EXERCISE AIM. Copy out the listing that follows, exactly, without its pictures.

SUPPLIED DATA.
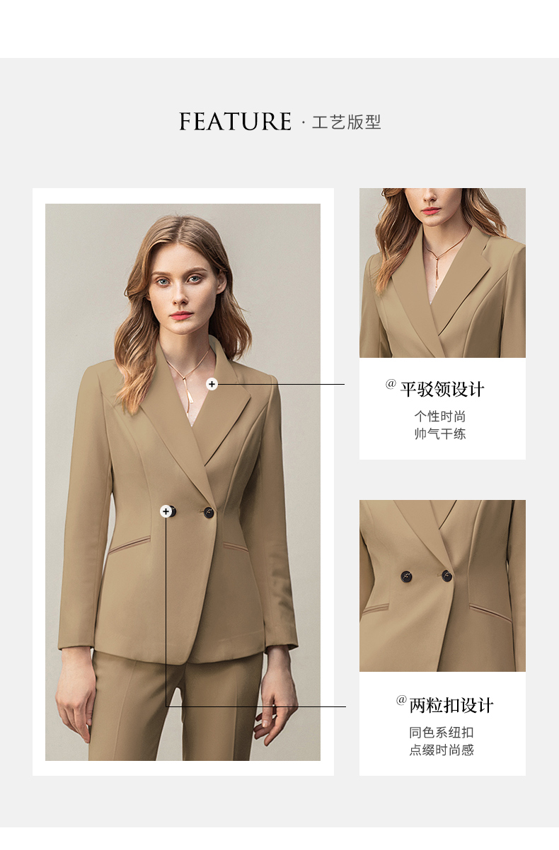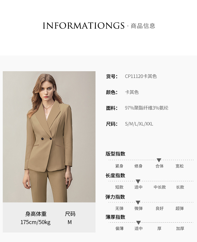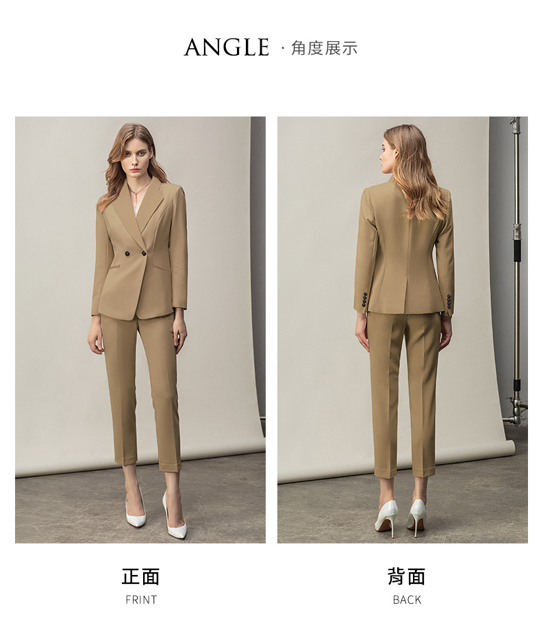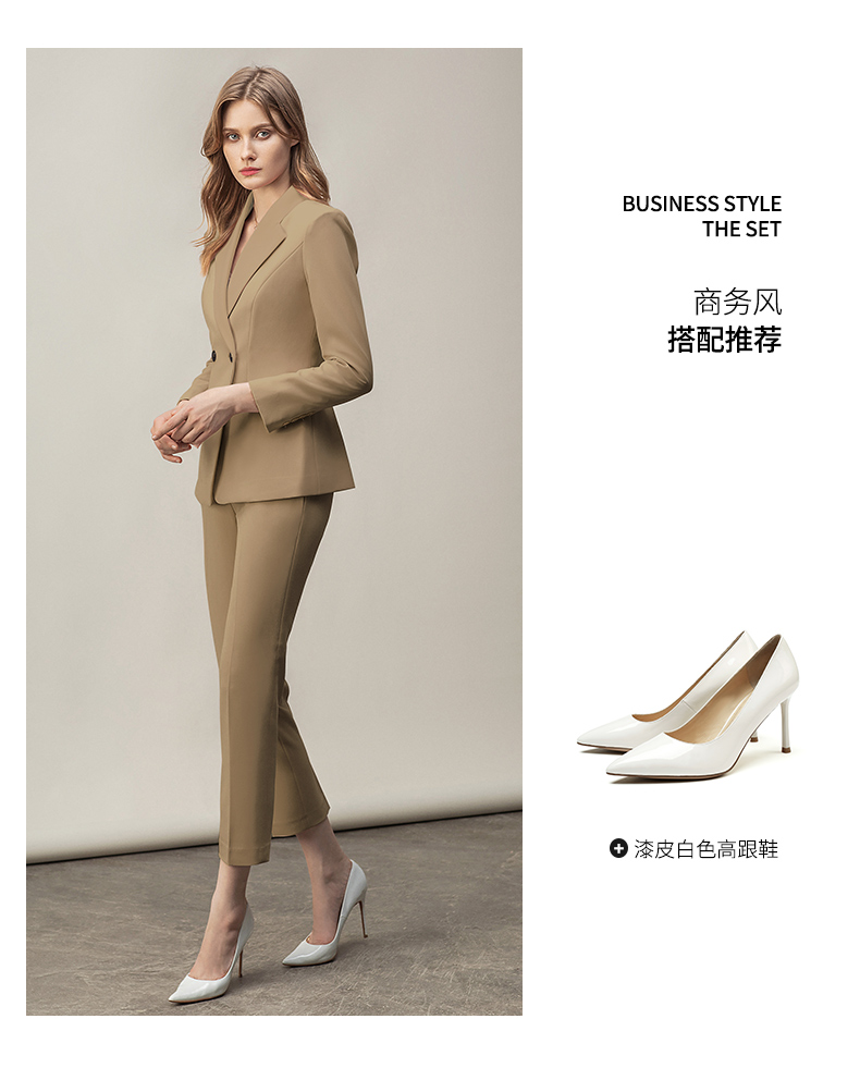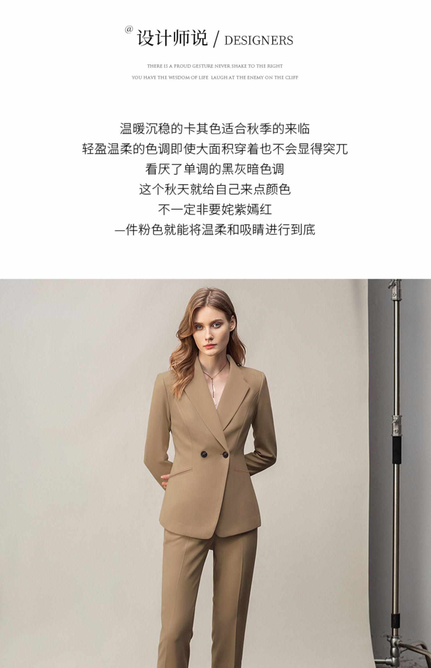 IWY/卡其色高端职业套装女时尚气质休闲正装通勤工作西服两件套 CP11120+CP11107
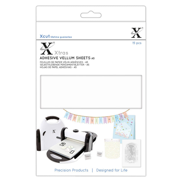 Xcut Xcut Xtras Adhesive Vellum Sheets, White, A5, Adhesive Sheets to Combine with Craft Dies and Die-cutting Machines, Ideal Card Making Supplies and Scrapbooking Supplies
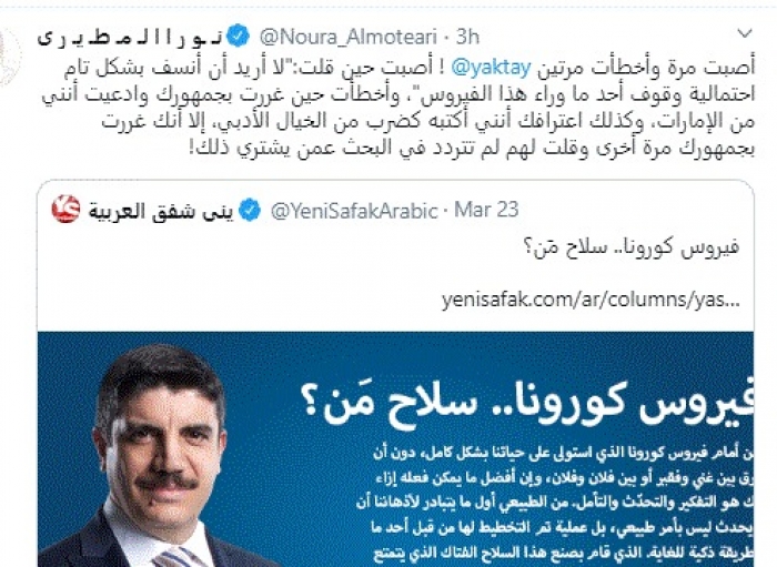 شنت الكاتبة والباحثة نورا المطيري، اليوم، هجومًا حادًا على مستشار الرئيس التركي رجب طيب أردوغان ياسين أقطاي، وذلك جراء بثه للشائعات عن الإمارات العربية المتحدة.
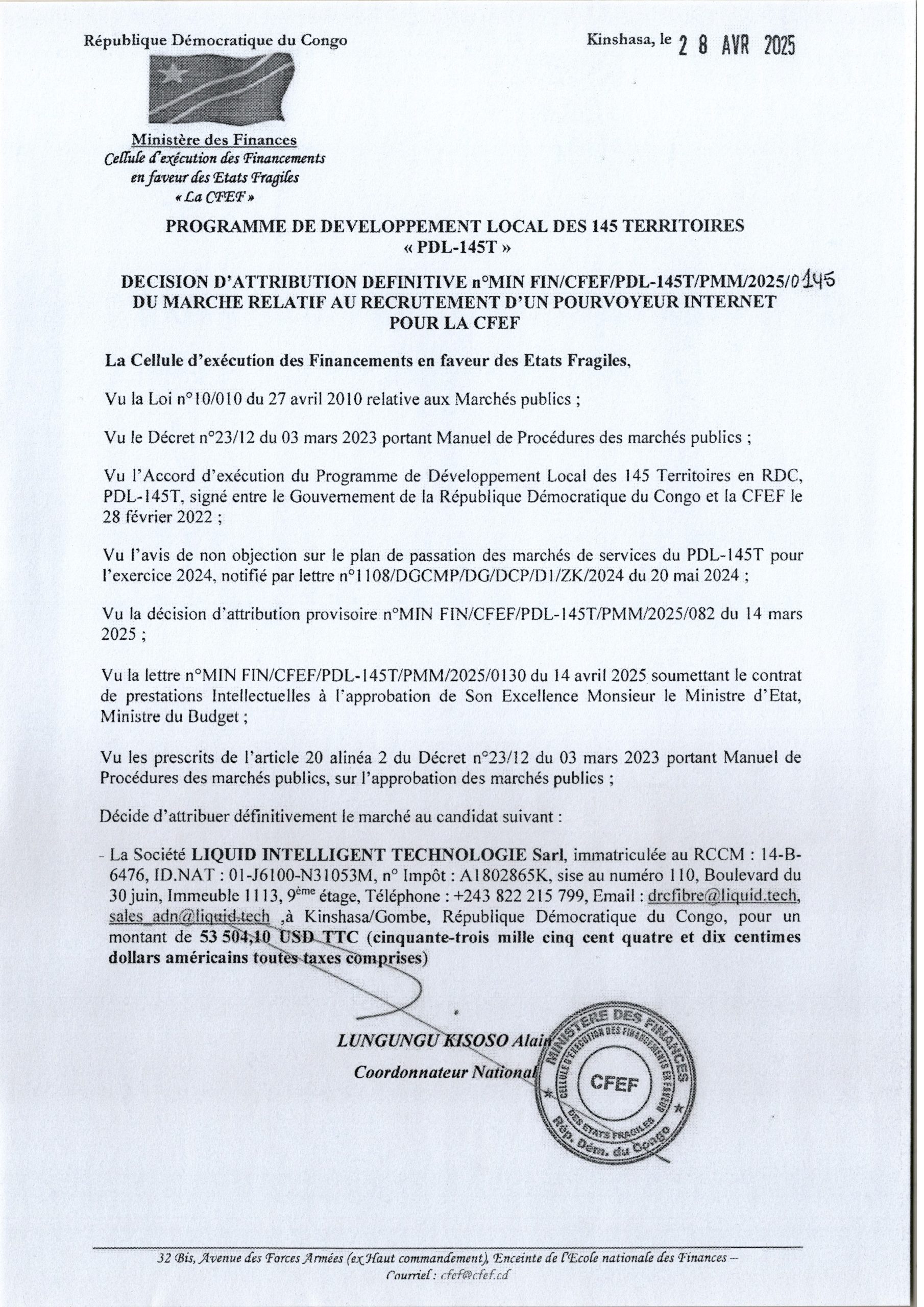 Attribution définitive accordée à la société LIQUID INTELLIGENT TECHNOLOGIE relative au recrutement d’un Pourvoyeur Internet pour la CFEF

SOLUTION TO THIS EXERCISE.
 IWY/卡其色高端职业套装女时尚气质休闲正装通勤工作西服两件套 CP11120+CP11107
 Xcut Xcut Xtras Adhesive Vellum Sheets, White, A5, Adhesive Sheets to Combine with Craft Dies and Die-cutting Machines, Ideal Card Making Supplies and Scrapbooking Supplies
 شنت الكاتبة والباحثة نورا المطيري، اليوم، هجومًا حادًا على مستشار الرئيس التركي رجب طيب أردوغان ياسين أقطاي، وذلك جراء بثه للشائعات عن الإمارات العربية المتحدة.
 Attribution définitive accordée à la société LIQUID INTELLIGENT TECHNOLOGIE relative au recrutement d’un Pourvoyeur Internet pour la CFEF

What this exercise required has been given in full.